8. Что такое «спасённая» способность, возможность совершать что-либо (и не совершать чего-либо), которая не переходит просто в действие, исчерпываясь в нём, а сохраняется и продолжается («спасает себя») как таковая в произведении? Здесь миссия спасения полностью совпадает с миссией созидания, разрушая, разлагая её и в тот же миг сопровождая и претворяя её в жизнь. Нет такого движения или слова, такого цвета или оттенка звучания, такого желания или взгляда, которого спасение не задержало бы и не пресекло бы в своей любовной схватке с деянием. То, что ангел формирует, порождает и лелеет, пророк вновь возвращает к бесформенному состоянию, созерцая результат своей работы. Его глаза видят Спасённое, но только потому, что в последний день оно погибнет. И как в воспоминаниях вдруг возникает возлюбленный – а это возможно лишь, если он освободится от телесной оболочки, воплотившись в образе, – так же и деяние спасения в каждой детали прострочено частым швом небытия.

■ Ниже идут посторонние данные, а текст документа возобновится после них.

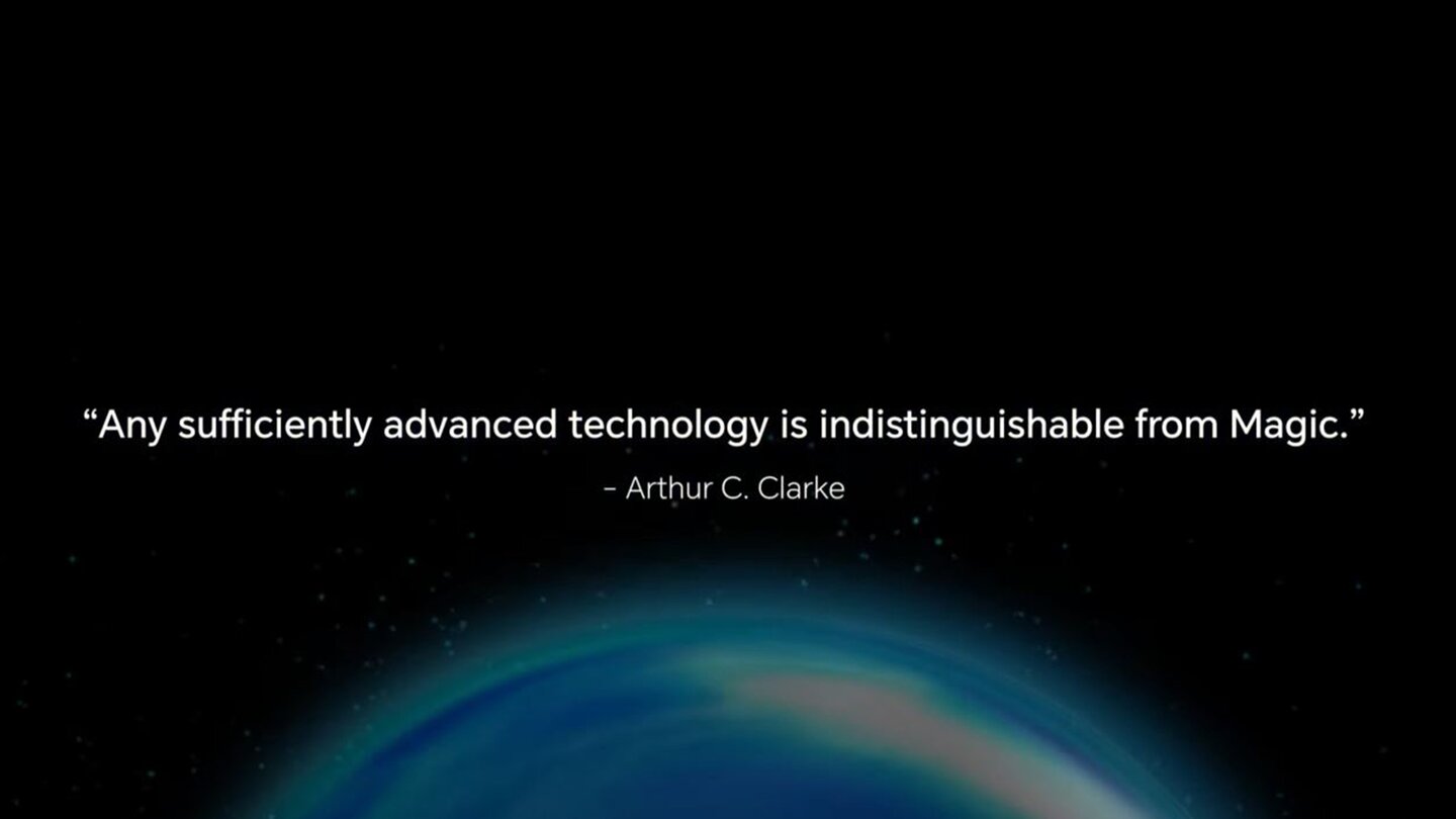 Allerdings wird im Video einer KI die Frage gestellt, wo die Grenzen von Magie liegen und beziehen sich hier auf die fortschreitende technische Entwicklung - wie ihren Smartphones. Statt mit einer Antwort endet das Video mit einem Zitat des britischen Sci-Fi-Autors Arthur C. Clarke:

Но что же тогда, собственно, здесь спасают? – Не создание, ибо оно гибнет, не может не погибнуть. Не силу, ибо она не может быть направлена ни на что иное, кроме разрушения деяния. Оба они, скорее, пересекают некую границу, за пределами каковой их уже никак нельзя различить. Это означает, что последняя форма человеческого и божественного деяния образует такую точку, где созидание и спасение совпадают в общем движении, которое невозможно спасти. Ведь совпадение бывает лишь тогда, когда пророку нечего спасать, а ангелу больше нечего создавать. Следовательно, невозможно спасти деяние, полностью и ежесекундно объединяющее созидание и спасение, действие и созерцание, деятельность и бездействие в одном и том же бытии (и в одном и том же небытии). Отсюда и это мрачное сияние, которое, подобно звезде, удаляется от нас с головокружительной быстротой и больше уже не вернётся.


9. Плачущий ангел становится пророком, а сетование поэта о созидании преобразуется в критическое пророчество, то есть в философию. Но именно в тот момент, когда миссия спасения будто объединяет в незабываемом всё, что нельзя запомнить, она меняется. Конечно, она не исчезает, потому что, в отличие от созидания, работа избавления бесконечна. Поскольку она пережила созидание, её силы исчерпываются не в спасённом, а в том, чему нет спасения. Возникнув из неосуществлённого созидания, она заканчивает свой путь в непостижимом и отныне бесцельном спасении.

Вот почему считается, что высшее знание – это то, что приходит слишком поздно, тогда, когда в нём больше нет нужды. Пережив все наши деяния, оно становится последним и самым ценным достижением нашей жизни, и тем не менее в определённом смысле оно к нам больше уже не имеет отношения, подобно географии страны, из которой мы уезжаем. Оно так и остаётся – по крайней мере до тех пор, пока люди не научатся встречать его как величайшее торжество, как вечный шаббат – личным делом, с которым каждый старается поскорее покончить без лишнего шума. В итоге складывается странное ощущение, будто мы наконец поняли смысл созидания и спасения, их необъяснимого разобщения, а потому нам нечего больше сказать.

Что такое современность?

1. Вопрос, на который я хотел бы обратить внимание в преддверии этого семинара[12], звучит так: «Кому и чему мы современны? И прежде всего – что значит быть современным?». В ходе этого семинара мы обратимся к источникам, от авторов которых нас отделяет не одно столетие, а также к другим, более поздним и даже совсем недавним текстам; но в любом случае наша основная задача состоит в том, чтобы каким-то образом стать современниками этих текстов. «Время» нашего семинара обозначено как современность, что требует от нас взглянуть на произведения и на авторов, о которых пойдёт речь, с позиции их современников. Значение, равно как и итог этого семинара, зависят от его – от нашей – способности соответствовать этому требованию.